Source:
https://scmp.com/lifestyle/books/article/1853383/book-review-chinese-spy-novel-french-concession-delivers-end
Lifestyle

Book review: Chinese spy novel French Concession delivers in the end

As a reader you want to like Xiao Bai's book, but it is a struggle to read

I wanted to like French Concession - it promised everything you want in a good summer read: a tale of espionage and international intrigue, peopled with criminals, femme fatales, revolutionaries and spies. What's not to like about a Chinese-French photographer with a Russian lover who moonlights as an arms dealer?

And yet the novel is a struggle to read, particularly the first third. Instead of whisking you away to 1930s Shanghai, you are left struggling with the complexities of the plot.

Good things are expected of this debut novel, since HarperCollins paid US$60,000 for the English copyright. This is a significant amount in the literary world, particularly for a Chinese novel - they are notoriously difficult to sell to the West. But there's more to a novel than an exciting plot and edgy characters - the language has to spin a web and draw you in so that you get lost in the action.

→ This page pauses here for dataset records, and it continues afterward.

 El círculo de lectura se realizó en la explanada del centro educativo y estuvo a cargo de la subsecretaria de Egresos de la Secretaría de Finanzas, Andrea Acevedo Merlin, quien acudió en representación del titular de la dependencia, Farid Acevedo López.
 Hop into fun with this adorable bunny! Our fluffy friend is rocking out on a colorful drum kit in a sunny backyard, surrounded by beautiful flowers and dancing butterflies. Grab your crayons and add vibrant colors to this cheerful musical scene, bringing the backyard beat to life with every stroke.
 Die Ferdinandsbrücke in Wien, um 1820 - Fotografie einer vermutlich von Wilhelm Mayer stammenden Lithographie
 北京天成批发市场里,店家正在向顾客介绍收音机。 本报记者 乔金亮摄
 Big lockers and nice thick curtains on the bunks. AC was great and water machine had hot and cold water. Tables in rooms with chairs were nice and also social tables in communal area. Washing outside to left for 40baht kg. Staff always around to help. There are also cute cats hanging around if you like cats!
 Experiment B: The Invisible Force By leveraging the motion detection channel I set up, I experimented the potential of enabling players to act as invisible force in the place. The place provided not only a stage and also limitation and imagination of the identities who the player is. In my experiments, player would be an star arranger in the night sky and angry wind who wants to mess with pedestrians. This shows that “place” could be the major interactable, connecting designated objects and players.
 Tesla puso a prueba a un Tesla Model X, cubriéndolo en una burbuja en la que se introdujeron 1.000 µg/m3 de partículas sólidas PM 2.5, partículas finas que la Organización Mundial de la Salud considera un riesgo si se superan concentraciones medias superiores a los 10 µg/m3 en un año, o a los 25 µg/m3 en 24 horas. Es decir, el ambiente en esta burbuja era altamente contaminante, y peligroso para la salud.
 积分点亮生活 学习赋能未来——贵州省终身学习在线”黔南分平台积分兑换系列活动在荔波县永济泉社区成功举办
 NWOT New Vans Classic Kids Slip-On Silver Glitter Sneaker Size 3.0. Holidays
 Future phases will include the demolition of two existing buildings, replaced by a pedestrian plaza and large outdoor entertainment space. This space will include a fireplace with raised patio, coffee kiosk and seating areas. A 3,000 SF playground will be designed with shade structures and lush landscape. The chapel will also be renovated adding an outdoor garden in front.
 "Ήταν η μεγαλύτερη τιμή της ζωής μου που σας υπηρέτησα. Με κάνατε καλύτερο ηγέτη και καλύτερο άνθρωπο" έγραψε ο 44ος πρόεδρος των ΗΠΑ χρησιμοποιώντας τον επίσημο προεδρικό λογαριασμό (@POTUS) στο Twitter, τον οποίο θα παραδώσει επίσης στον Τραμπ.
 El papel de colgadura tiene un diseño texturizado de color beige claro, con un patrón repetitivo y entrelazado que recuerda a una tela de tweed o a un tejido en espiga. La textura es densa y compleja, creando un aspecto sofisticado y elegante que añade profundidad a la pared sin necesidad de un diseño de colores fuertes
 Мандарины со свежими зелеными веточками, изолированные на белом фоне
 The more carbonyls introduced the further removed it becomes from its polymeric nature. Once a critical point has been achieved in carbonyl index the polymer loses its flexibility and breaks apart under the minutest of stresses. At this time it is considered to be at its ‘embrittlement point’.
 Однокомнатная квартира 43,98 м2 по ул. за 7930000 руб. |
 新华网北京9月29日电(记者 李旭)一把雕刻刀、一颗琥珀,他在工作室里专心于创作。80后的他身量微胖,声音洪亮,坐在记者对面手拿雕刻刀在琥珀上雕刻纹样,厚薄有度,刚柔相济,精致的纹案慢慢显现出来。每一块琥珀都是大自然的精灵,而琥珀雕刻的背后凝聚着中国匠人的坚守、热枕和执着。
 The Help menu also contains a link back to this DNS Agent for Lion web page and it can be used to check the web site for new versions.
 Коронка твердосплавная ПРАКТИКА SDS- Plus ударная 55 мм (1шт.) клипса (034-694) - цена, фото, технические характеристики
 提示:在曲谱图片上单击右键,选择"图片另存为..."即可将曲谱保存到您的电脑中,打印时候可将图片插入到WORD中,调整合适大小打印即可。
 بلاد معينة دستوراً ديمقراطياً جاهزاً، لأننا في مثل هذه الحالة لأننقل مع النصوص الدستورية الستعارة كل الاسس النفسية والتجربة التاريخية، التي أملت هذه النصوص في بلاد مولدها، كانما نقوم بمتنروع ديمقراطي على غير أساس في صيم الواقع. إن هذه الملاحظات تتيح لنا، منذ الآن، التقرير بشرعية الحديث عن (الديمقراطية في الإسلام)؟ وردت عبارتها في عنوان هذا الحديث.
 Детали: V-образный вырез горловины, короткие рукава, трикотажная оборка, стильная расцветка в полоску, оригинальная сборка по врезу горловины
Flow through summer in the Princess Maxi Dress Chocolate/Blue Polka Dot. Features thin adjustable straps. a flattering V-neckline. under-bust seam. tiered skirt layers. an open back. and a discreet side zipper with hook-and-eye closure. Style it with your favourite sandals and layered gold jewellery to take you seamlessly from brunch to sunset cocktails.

The story begins with a ship sailing from Hong Kong to Shanghai. Hsueh, a photographer travelling with his Russian lover, Therese, notices a beautiful woman and takes a few snaps of her. When they reach Shanghai, an important official travelling on the ship is assassinated and that beautiful woman - who we learn was the official's wife - disappears. Soon afterwards, Hsueh is arrested and drawn into a plot involving the police, politicians and criminals. In the midst of all this, Hsueh learns that his Russian lover is an arms dealer supplying Shanghai gangsters.

Complex plots are good, but when it feels like hard work following the action, it's no fun. It doesn't help that many of the characters have multiple identities and keep shifting allegiances.

Some of the problems may be down to the translation, which is so clunky in places that you stumble over awkward word choices. And some of it is also the narrative style - in particular there are places where it isn't clear whether the action is a flashback or happening in the present.

The characters aren't the sort that you grow to love. Exciting and mysterious they may be, but you don't have the sense of their development or getting to know them on a deeper level; they are just there to drive the plot.

We are told early on that "Hsueh never let himself think too hard about ethics, consequences, the meaning of life or things like that". That may sound like the super-cool composure you'd expect of a noir novel's leading man, but it winds up just feeling empty. For all the sex and violence, there's no real passion.

The pace picks up in the second half. Once you have worked out who is who and what's going on in this very complex plot, there are sections where the writing is smooth and Xiao Bai evokes an atmosphere of mystery and intrigue.

If you are willing to persevere, French Concession does deliver in the end, but do we really want to work that hard for our fiction?